Most Americans know about the horrors of the Khmer Rouge genocide in Cambodia from the Academy Award-winning film The Killing Fields (1984). I visited Cambodia in 1988, nine years after the Khmer Rouge were driven from power after killing an estimated 1,700,000 people in just four years. As it happened, bootleg VHS copies of The Killing Fields were circulating while I was there. I asked my guide what she thought about the film. She replied, “It didn’t show how bad things really were.” Since I had been appalled by the atrocities portrayed in The Killing Fields, it was hard for me to comprehend what she was implying.

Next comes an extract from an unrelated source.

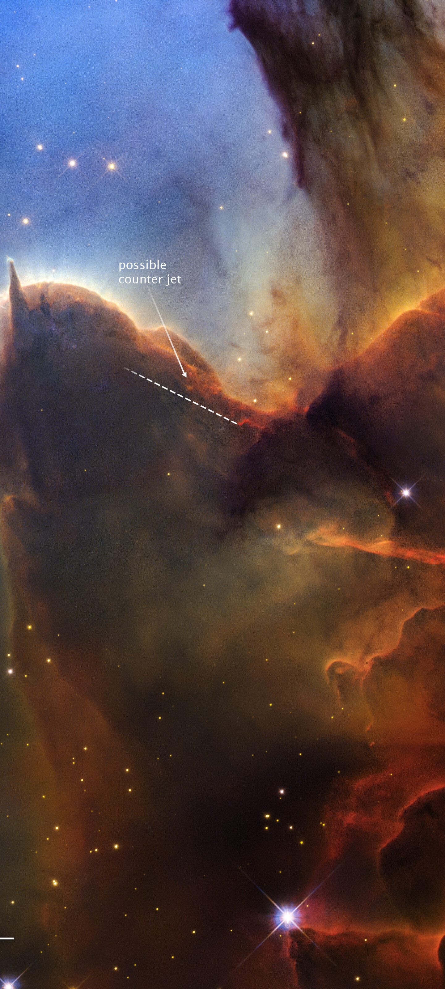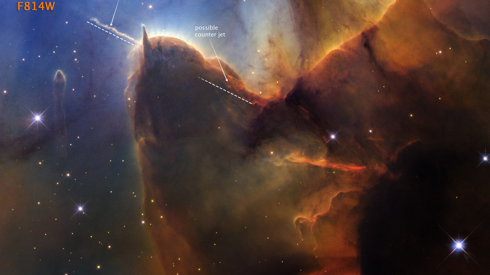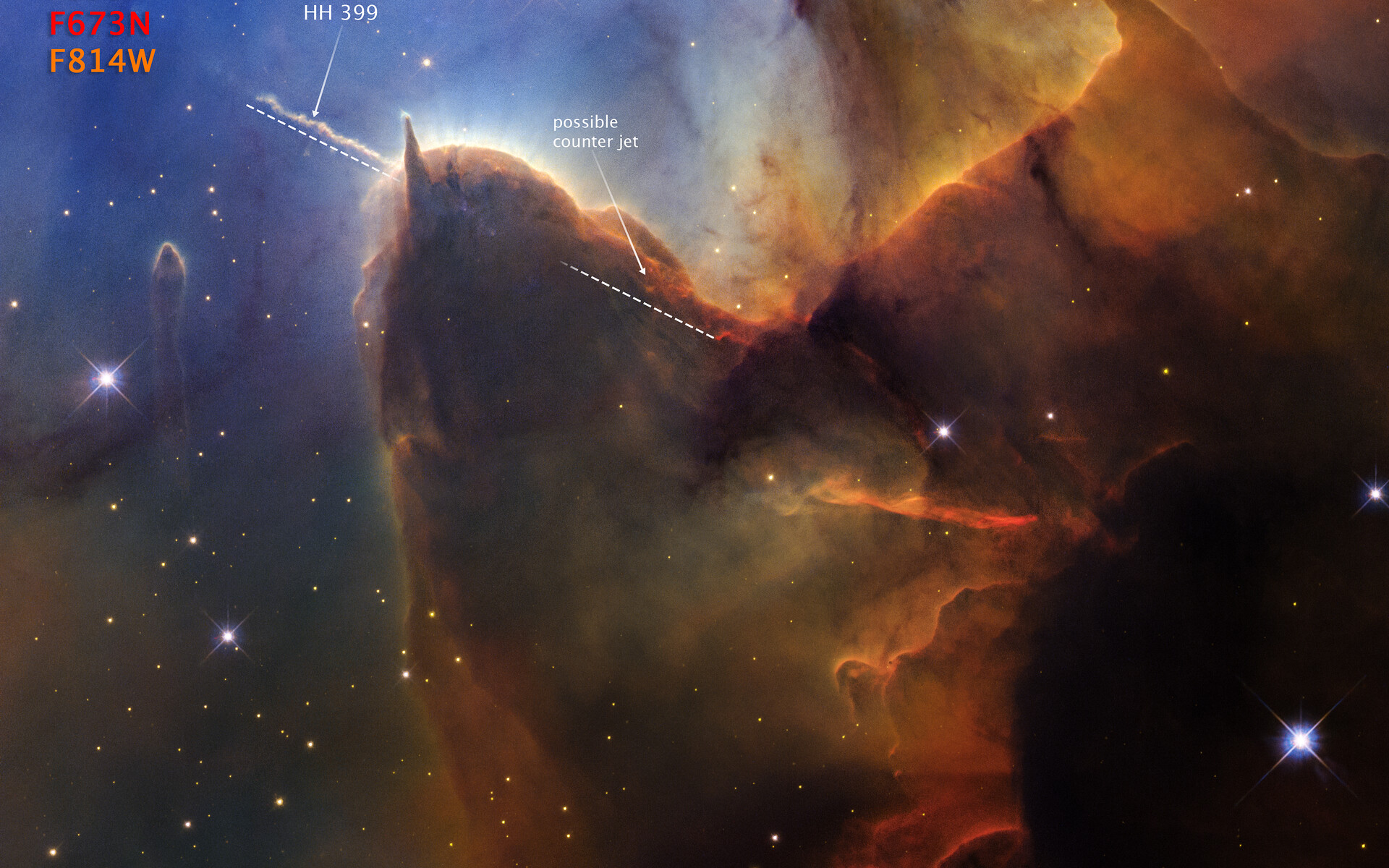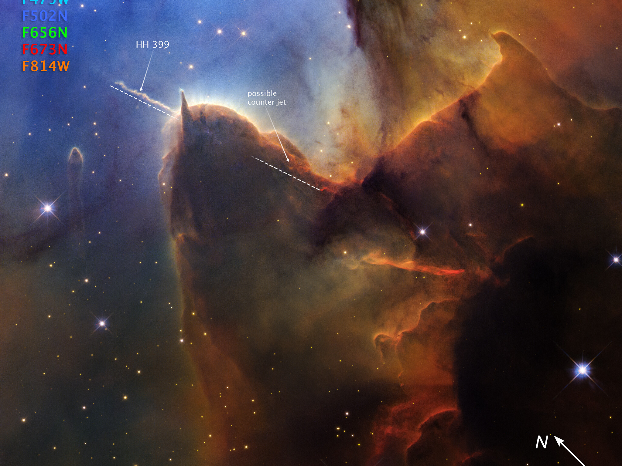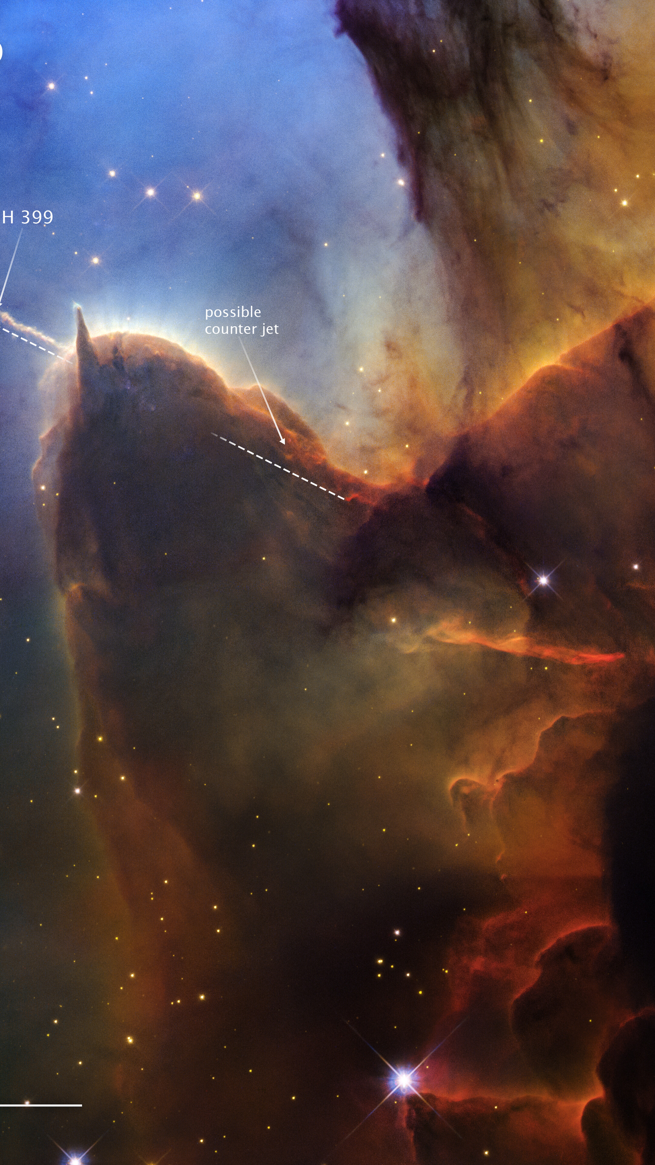 A jet of plasma ejected by a young protostar embedded in the brown dust, known as Herbig-Haro 399 (HH 399) is labeled, along with its suspected counter jet.

The Missing Picture is a documentary directed by Rithy Panh, who was 13 years old when the Khmer Rouge took power and drove him and his family out of the capital of Phnom Penh and into labor camps in the countryside. Both of his parents died, as did his siblings. Panh escaped, eventually making his way to Paris, where he became a filmmaker. The Missing Picture mixes archival footage with static clay figures to tell the moving story of the tragedy that Panh and his family endured.

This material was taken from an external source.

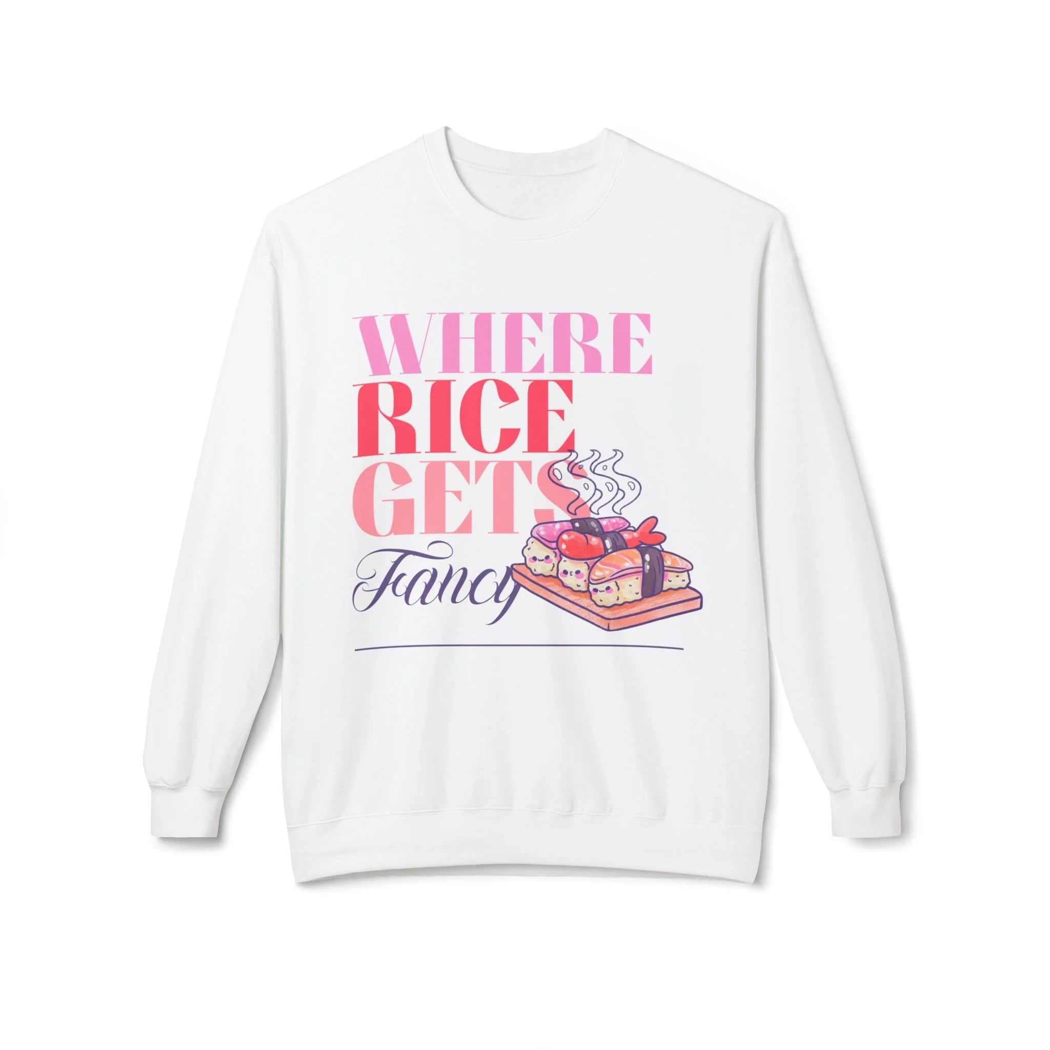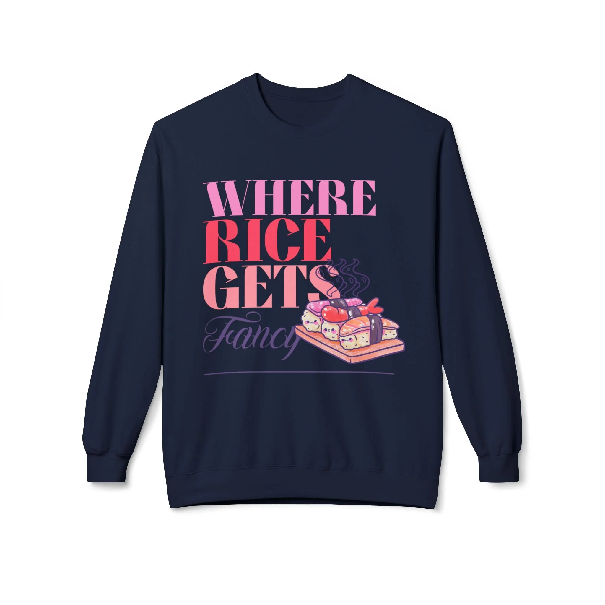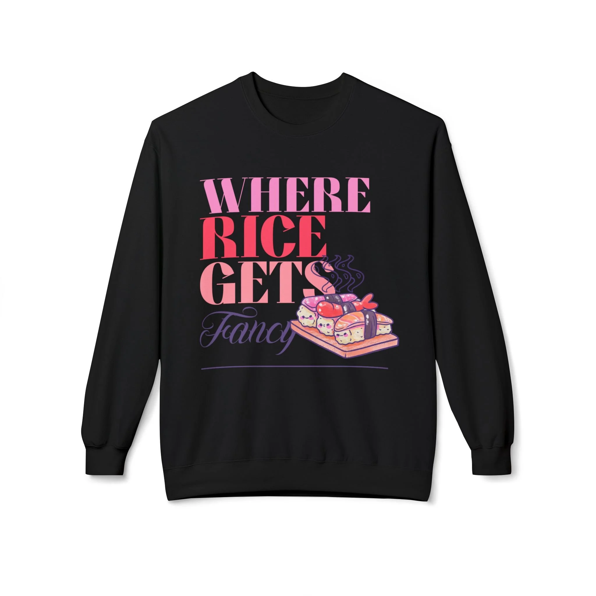 Cute and Happy Sushi on Bamboo Tray - "Where Rice Gets Fancy" Crewneck Sweater

I don’t mean in any way to denigrate The Missing Picture, and I hope that as many people as possible see it, but last year Cambodia entered a film, Lost Loves, that covered the same ground and, using live actors, was more effective. Written by Kauv Southeary and her husband, Chhay Bora, it centers on daily life under the Khmer Rouge from the point-of-view of Southeary’s mother, whose father, husband and four of her children died during that same four-year nightmare. The Academy paid no attention whatsoever to Lost Loves, but gave a nomination to The Missing Picture. Go figure.